A new study conducted at the Transurban Road Safety Centre at NeuRA has found that, providing the booster seat and seat belt are used correctly, a booster seat can be just as effective as new larger types of harnessed forward-facing car seats in protecting children aged four to eight years, in the event of a crash.

Most children move into forward-facing car seats with an inbuilt harness when they outgrow their rear-facing infant car seat. They use this forward-facing car seat until they outgrow it sometime after their fourth birthday. Larger forward-facing car seats with inbuilt harnesses have been developed by manufacturers so that children can stay in a harnessed child restraint up to around eight years of age, instead of switching to a booster seat.

Research shows correctly fitted booster seats used with the adult seatbelt correctly fitted and positioned across the body may be better at preventing older children’s heads from travelling forward during frontal collisions than new larger forward-facing car seats with inbuilt harnesses.

The general expectation might be that restraints with an inbuilt harness are safer, because the child is more securely strapped in. However, NeuRA’s tests show that booster seats perform just as well, or perhaps a little better, in keeping the child’s head from moving too far forward in a frontal crash.

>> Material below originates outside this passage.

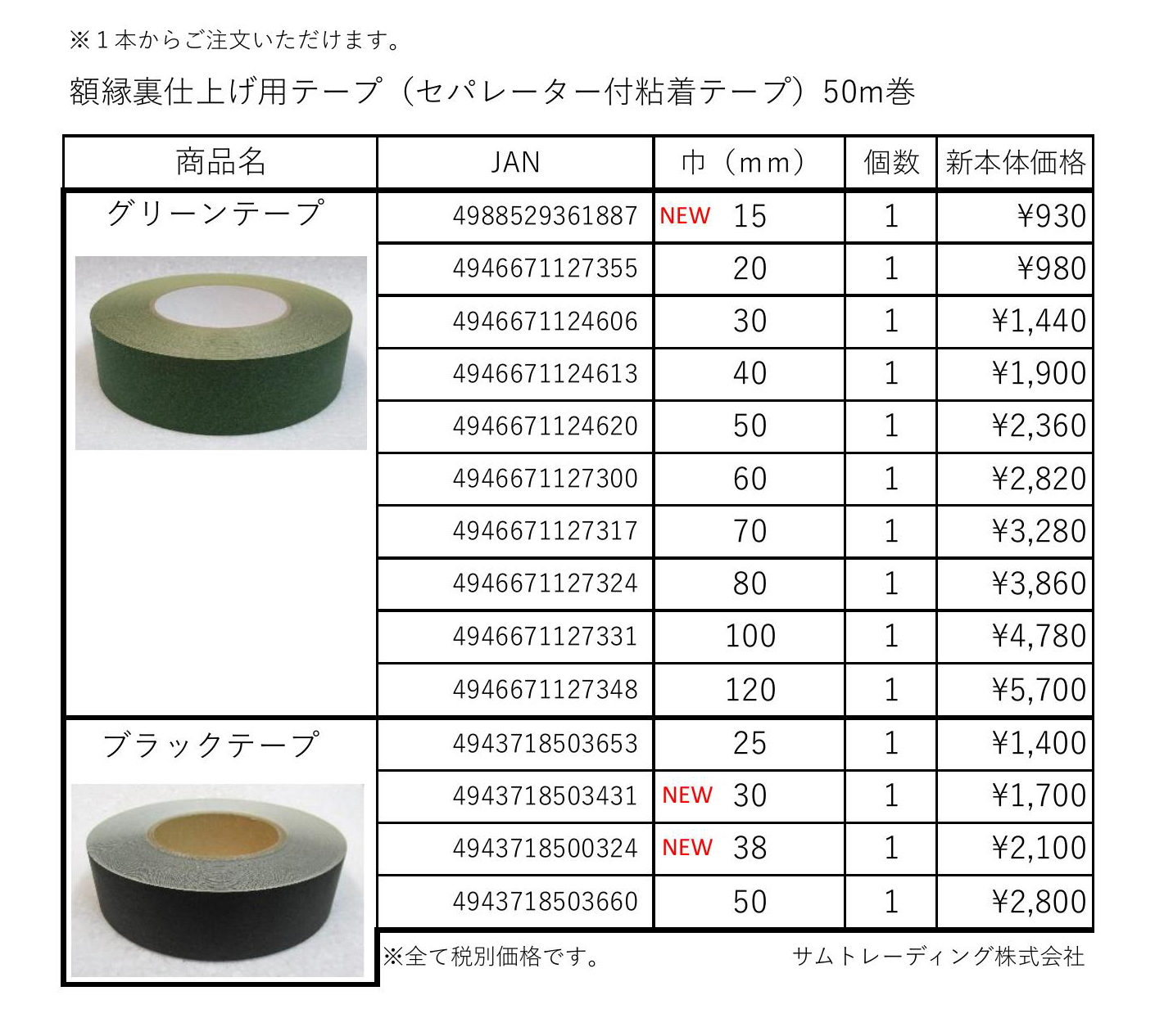 ※標準はグリーンテープまたはブラックテープ貼りとなります。

Importantly, the booster seat must be used correctly, with the child sitting upright in the booster, and the seatbelt correctly positioned using any belt guide features of the booster seat. Previous research shows that up to 60 per cent of booster seats are not used correctly.

For more information on the safest child restraint options, parents and carers can access Australia’s National Child Restraint Guidelines, which were co-developed by NeuRA and Kidsafe, the experts in Child Safety in Australia.

The Transurban Road Safety Centre at NeuRA is Australia’s only research-dedicated crash test lab. The Road Safety Centre combines world-class research with state-of-the-art facilities and equipment to provide a source of ongoing innovation in the area of road safety research.